Evaluation metrics for surgical prediction quality. All metrics support stratification by Fitzpatrick skin type (I through VI) and by procedure for equitable performance reporting.

Classes

EvalMetrics

@dataclass
class EvalMetrics:
    fid: float = 0.0
    lpips: float = 0.0
    nme: float = 0.0
    identity_sim: float = 0.0
    ssim: float = 0.0

    # Per-Fitzpatrick stratification
    fid_by_fitzpatrick: dict[str, float]
    nme_by_fitzpatrick: dict[str, float]
    lpips_by_fitzpatrick: dict[str, float]
    ssim_by_fitzpatrick: dict[str, float]
    identity_sim_by_fitzpatrick: dict[str, float]
    count_by_fitzpatrick: dict[str, int]

    # Per-procedure stratification
    nme_by_procedure: dict[str, float]
    lpips_by_procedure: dict[str, float]
    ssim_by_procedure: dict[str, float]

Container for all evaluation metrics with Fitzpatrick skin type and procedure stratification.

Aggregate Attributes:

Attribute Type Direction Target Description
fid float Lower is better < 50 Frechet Inception Distance
lpips float Lower is better < 0.15 Learned Perceptual Image Patch Similarity
nme float Lower is better < 0.05 Normalized Mean Error (landmark accuracy)
identity_sim float Higher is better > 0.85 ArcFace cosine similarity
ssim float Higher is better > 0.80 Structural Similarity Index

Stratification Attributes:

All *_by_fitzpatrick dicts are keyed by Fitzpatrick type string ("I" through "VI"). All *_by_procedure dicts are keyed by procedure name (e.g., "rhinoplasty").

Methods:

summary() -> str

Return a human-readable summary of all metrics, including per-Fitzpatrick breakdowns.

to_dict() -> dict

Export all metrics as a flat JSON-serializable dictionary. Keys use prefixes like fitz_III_lpips and proc_rhinoplasty_nme.

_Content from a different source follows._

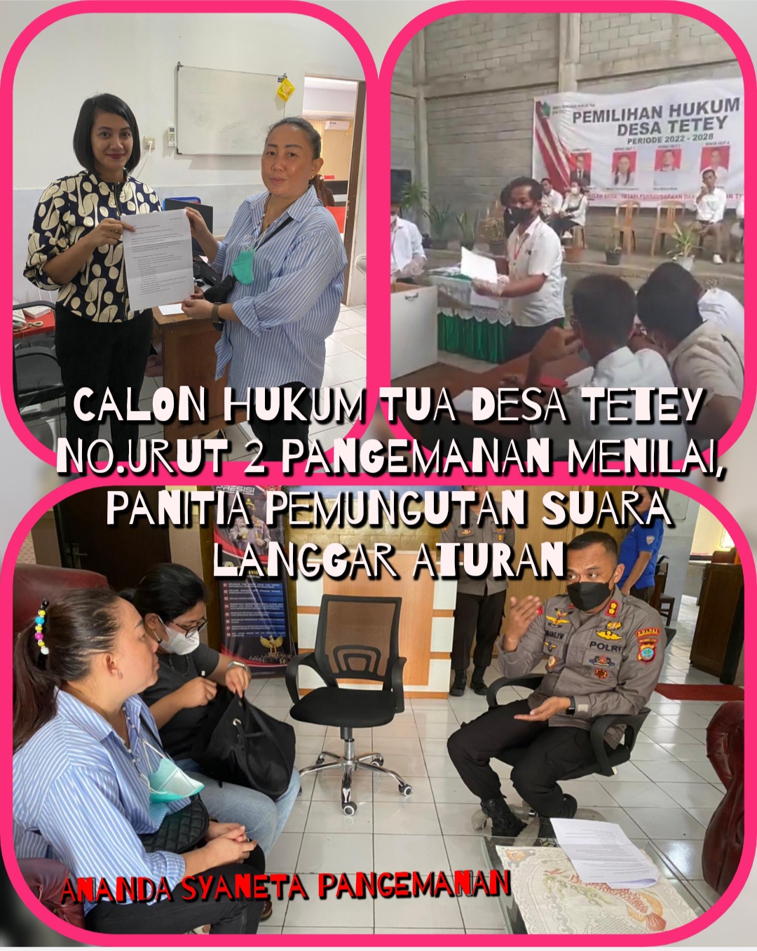 Ananda syaneta pangemanan menjelaskan gugatannya sebagai berikut 1 .tidak dilakukannya proses registrasi saat pemungutan suara dilaksanakan ( lihat perbub ). 2. Jumlah pemilih suara sah TPS 1. 465 suara sedangkan kerusakan surat suara sebanyak 151( surat suara Tidak sah) atau mencapai 32 persen dari jumlah pemilih.

metrics = evaluate_batch(predictions, targets)
print(metrics.summary())

import json
with open("eval_results.json", "w") as f:
    json.dump(metrics.to_dict(), f, indent=2)

Functions

compute_nme

def compute_nme(
    pred_landmarks: np.ndarray,
    target_landmarks: np.ndarray,
    left_eye_idx: int = 33,
    right_eye_idx: int = 263,
) -> float

Compute Normalized Mean Error between predicted and target landmarks. The error is normalized by inter-ocular distance (distance between landmarks 33 and 263) for scale invariance.

Parameters:

Parameter Type Default Description
pred_landmarks np.ndarray (required) Predicted landmark positions, shape (N, 2)
target_landmarks np.ndarray (required) Ground truth positions, shape (N, 2)
left_eye_idx int 33 MediaPipe index for left eye center
right_eye_idx int 263 MediaPipe index for right eye center

Returns: NME value as float (lower is better).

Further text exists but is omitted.